At the same time that they burdened states like Kentucky with unsustainable healthcare costs, Democrats under Barack Obama created job-killing regulations that kept Kentucky’s unemployment rate at historically high levels for years after it topped out above 10 percent in 2009 and 2010.

Luckily for the people of Kentucky, there are other politicians who understand exactly what’s at stake this November, and will defend the economic gains the state has made recently.

Republican Congressman Andy Barr has worked hard to secure the state’s economic renaissance by supporting the President’s policies, which have already done so much to improve the lives of his constituents.
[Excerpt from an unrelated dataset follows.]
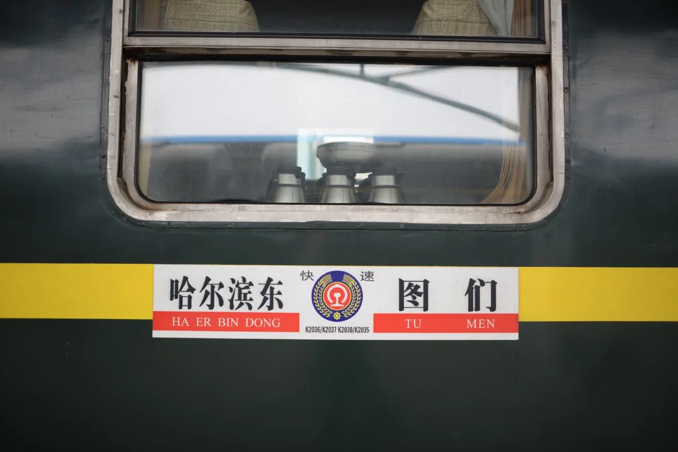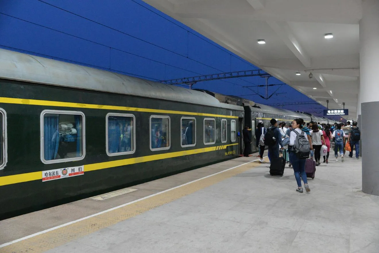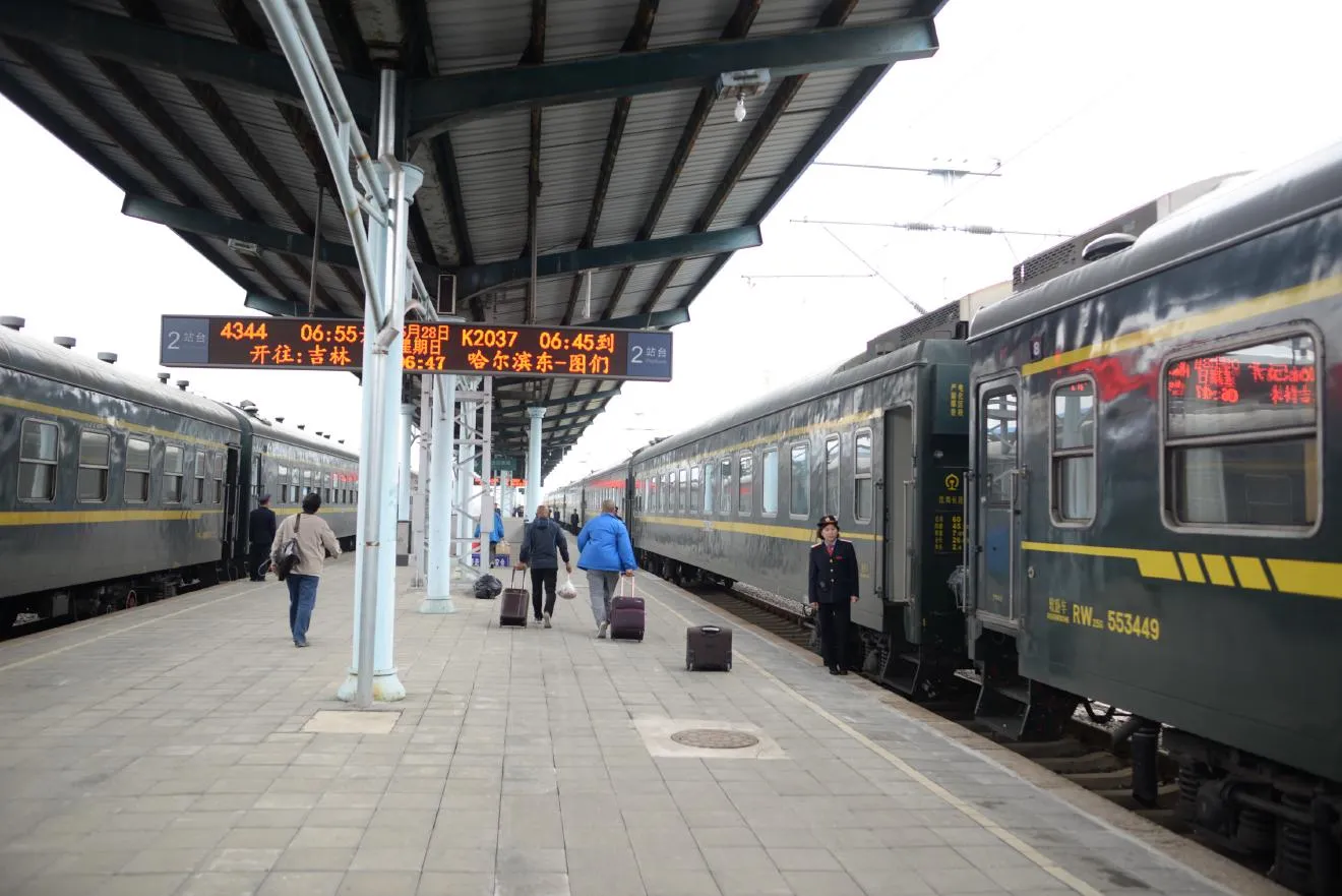 夜のハルピン東駅。みんな客車に乗り込みます。この社会主義国っぽい客車は緑皮車と呼ばれています。

In September, Barr praised the GOP effort to push another round of tax cuts through Congress, Tax Cuts 2.0, arguing that the bill “gives long-term certainty to middle-class families and small businesses by making the individual & family tax cuts permanent, increasing flexibility for retirement savings accounts, & increasing opportunities for entrepreneurs.”

With allies like Barr at his side, President Trump can continue the important work of unleashing America’s full potential. The Trump economic boom has only just begun, and too much is at stake for Kentucky businesses and taxpayers to turn back now.

If big-government Democrats such as Amy McGrath take control of Congress this Election Day, they won’t merely derail the President's plan to secure long-term economic growth; they’ll work feverishly to scrap everything he has worked so hard to accomplish already and obstruct any further progress for our state.

Now’s the time for us to choose progress over pain in Kentucky, and keep our economic recovery on track.

 Drew Costa is a retired employee of IBM/Lexmark International and US Navy veteran from Versailles.